“Machine learning is a field of artificial intelligence. It uses statistical techniques to give computers the ability to learn from data without being explicitly programmed.”This definition comes from Arthur Samuel, the inventor of the term and one of the pioneers in the field of artificial intelligence.
The basic definition dates from 1959 and has not lost its validity since then. Since then, however, the framework conditions, possibilities and areas of application for machine learning have changed. Today, machine learning systems can process enormous amounts of data, make very precise predictions from them and are therefore very versatile.
How does a machine learn?
Machine learning is a process. The ability of a machine to recognize patterns, interpret them correctly and then react correctly is only created by training with data. The learning process can be done in two different ways.
With monitored learning, the machine is also formulated with the correct output for every input. A good example of supervised machine learning is the recognition of handwritten letters. Images of a handwritten ABC are fed into the machine learning system. The metadata for each of these images contains the information formulated by a human “teacher”, which letter it is. In this way, the system learns in the training phase the different forms in which people write a letter. Once the training is complete, the system should be able to abstract from what it has learned and clearly recognize handwriting.

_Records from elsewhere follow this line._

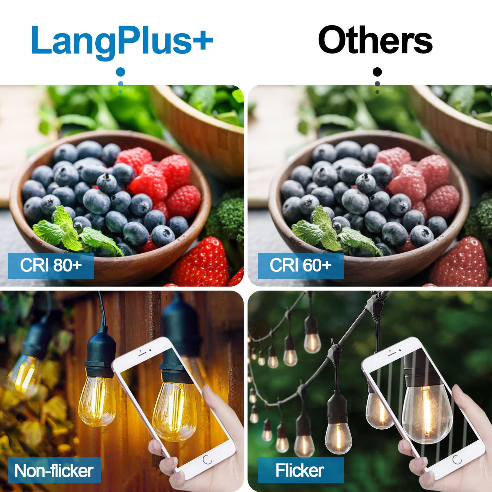 LangPlus+ 15 Pack S14 LED Filament Bulbs AC 220-240V, E27 Base LED Light Bulbs, 2W 2700K Warm White Edison Bulb for Outdoor String Lights Replacement
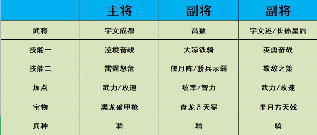 上面的是配将的一些核心思路,你如果能看明白并转化为自己的游戏心得,那么你就可以搭配自己的黑科技队伍。下面说一些常规搭配主流队伍的技能和宝物配置:
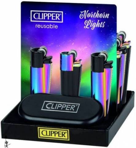 Metal Clipper Northern Lights £8.00Metal reusable clipper in with an iridescent finish. Comes with metal tin. Enter Quantity Weight: 1 kgProduct category: Ashtrays & Lighters
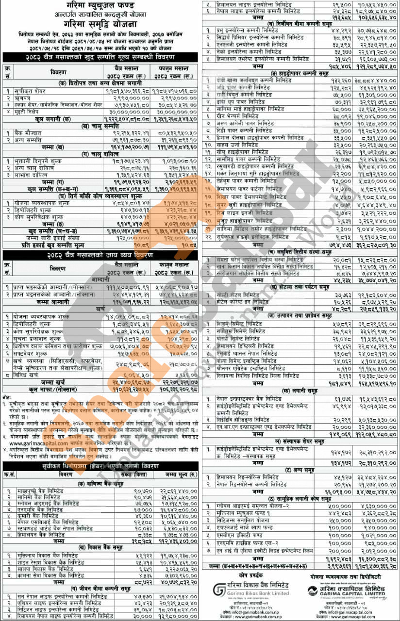 Garima Capital Limited has published "Garima Samriddhi Yojana" Net Assets Value (NAV) till Chaitra, 2082.
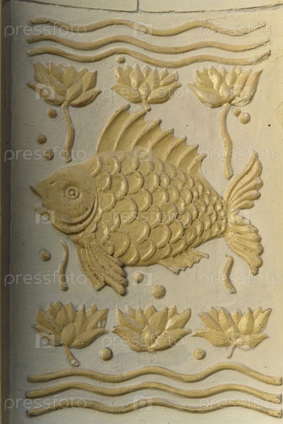 Барельефная скульптура рыбы, окруженной цветами лотоса
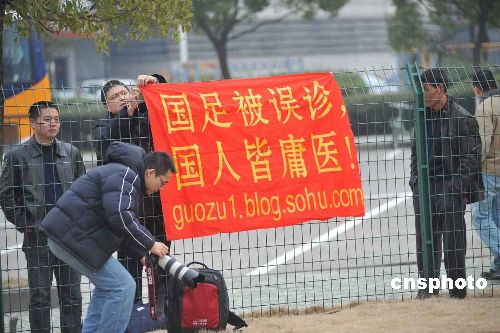 1月21日,國足將在杭州黃龍體育中心應(yīng)戰(zhàn)亞洲杯預(yù)選賽的第二個對手越南隊。今天,國足來到體育場開始簡單熱身,F(xiàn)場球迷拉起橫幅“國足被誤診 國人皆庸醫(yī)”,國足隊員先后步入球場,執(zhí)著的球迷依然撐著橫幅,站在場外。 中新社發(fā) 陳穎 攝
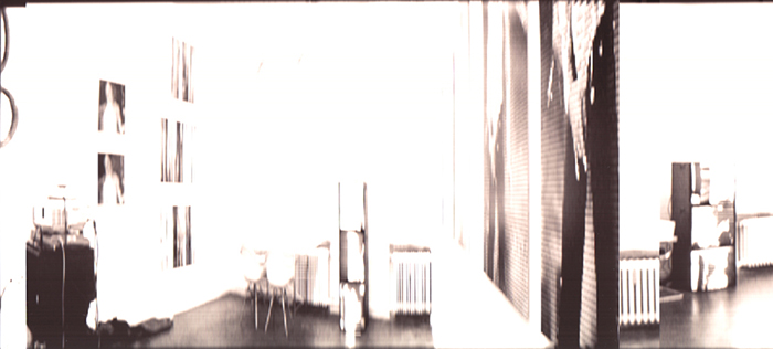 For the experimental setup, a scanner was laying on the screen of a 90° tilted monitor. With mouse-clicks the film and the scanner were started. The scanner was scanning the screen of the monitor while the video „Hamburg immer anders“ was playing. When the scanner moved back to start-position the film was stopped so that no picture got lost. This process was repeated until the whole video „Hamburg immer anders“ was scanned.
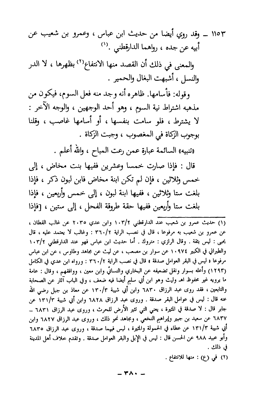 «تنبيه» السائمة عبارة عمن رعت المباح، والله أعلم.
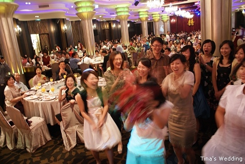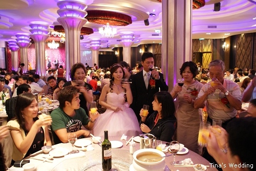 敬酒囉!這套粉紅色禮服也不錯看,嗯…還是淺色系比較年輕的感覺。
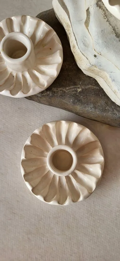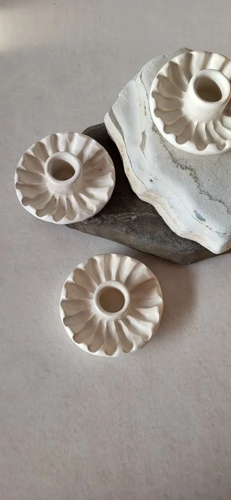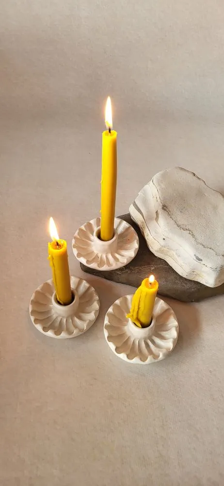 Стильні свічники для класичних свічок із глибоким декором. Продумана конструкція з широкими бортиками надійно захищає поверхню столу від крапель воску, поєднуючи практичність із витонченим дизайном.
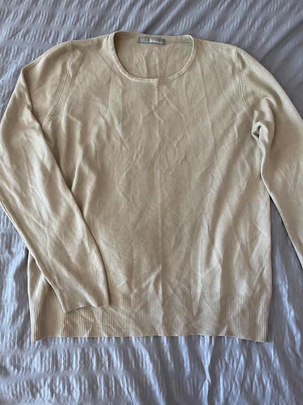 Невероятно мягкая и гладкая базовая кофточка, 100% акрил, цвет - беж, размер L, отлично стилизуется как М оверсайз ( классическая прямая кофта). Есть незаметный дефект на рукаве ( фото добавлены)
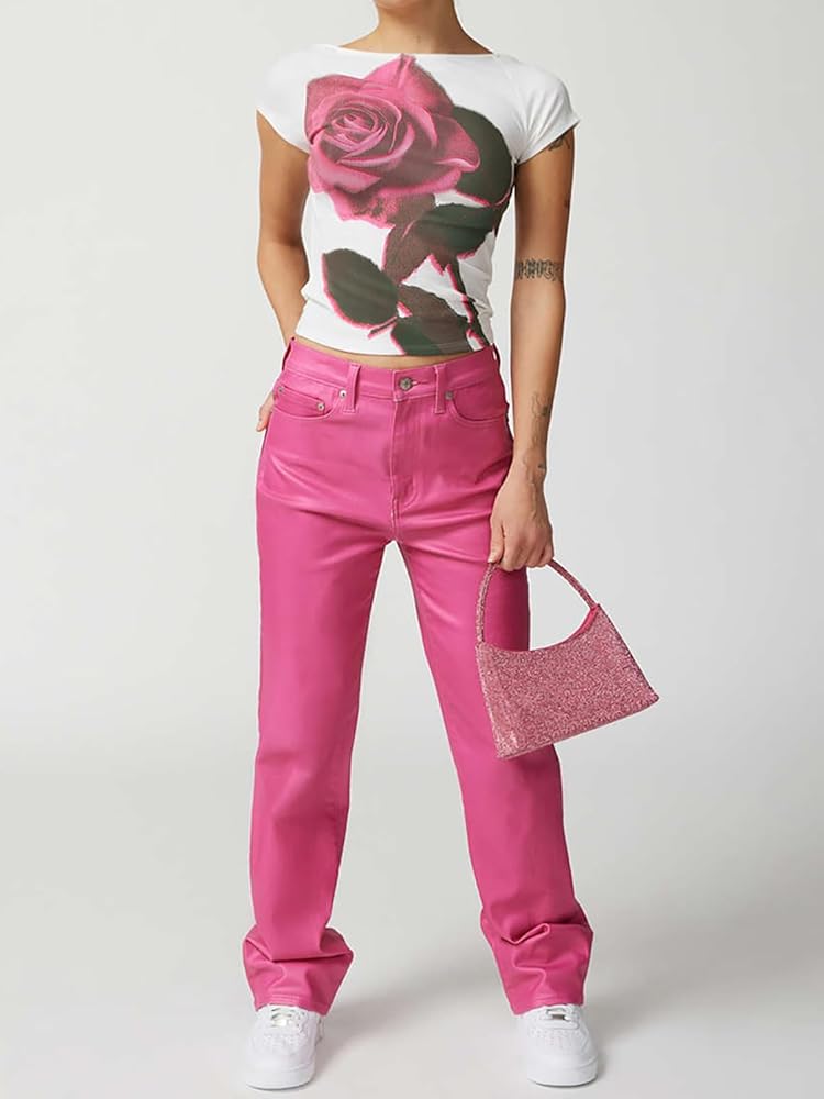 【المميزات: تي شيرتات أنيقة بأكمام قصيرة y2k للسيدات، لون ثابت مع نمط نمط، مقاس نحيف، قمصان علوية برقبة دائرية، تجعل الملابس وملابسك أكثر روعة وأناقة.

This contrasts with an approach called unsupervised learning. While supervised learning discovers patterns where the system has a record of “correct answers,” unsupervised learning, machine learning systems find patterns where we don’t. This may be because the “right answers” are not observable or not possible, or because there is not even a “right answer” for a particular problem. The algorithms are on their own to recognize structures and similarities in the data and to create a learning model from them. As a result, such systems are often a black box, in which the programmer does not know which assumptions the system has learned from the data.
Unsupervised machine learning is used in practice, for example, where providers of marketing data scan huge data records and classify users into specific clusters.
Application and use of machine learning
The foundations for machine learning were laid in the middle of the past century. But the potential of the approach has only unfolded in recent years. Several trends have favored the rapid development of the field and the possible uses of machine learning in recent years. As digitalization progresses, more and more data is available that can be used for learning.
At the same time, computers are becoming more powerful in order to process large amounts of data. Machine learning is also experiencing a surge, since complex graphics processors with multiple cores allow parallel calculations.
As the size of the database increases, so does the need to interpret, organize and process the data. Scientific developments quickly found their way into commercially used applications.
- Spam detection in emails
- Image recognition in Google
- Predict stock market prices or demand for products
- Text translation of applications like Deep Learning
- Text classification, for example in online price comparison sites or news portals
- Voice recognition / voice assistant as in Siri, Cortana, Alexa etc.
- Fraud detection, e.g. for payment providers and in e-commerce
Other terms related to machine learning
The more extensively artificial intelligence development and machine learning penetrate people’s everyday lives, the more often the associated terms appear in the media.
Blurring and confusion often occur between the concepts of artificial intelligence, machine learning and deep learning. The connection is basically simple. The largest outer doll is the field of artificial intelligence. Machine learning is a sub-area of artificial intelligence, while deep learning is considered a sub-discipline of machine learning.
The “deep” in deep learning refers to the number of layers through which the data is transformed. Deep learning uses hierarchical layers or a hierarchy to recognize patterns in the machine learning process. For example, in a deep neural network for image recognition, simple edges and contrasts are first recognized in an image, while later layers capture complex structures.
Automatic machine learning simplifies the setup of a machine learning system through extensive automation. Either the entire process or selected steps are automated, so that an expert is not required for each module and learning step. For example, the preparation of the data, the selection of features or the model selection can be automated. The Google service Cloud AutoML, for example, promises that the solution enables users with little programming knowledge to create machine learning systems such as translation models or natural language models.
Another term that is often used in connection with machine learning is data mining. There are many similarities, but also significant differences, between machine learning and data mining. Machine learning is based on known features and focuses on predictions. In contrast, data mining focuses on discovering unknown properties in the data.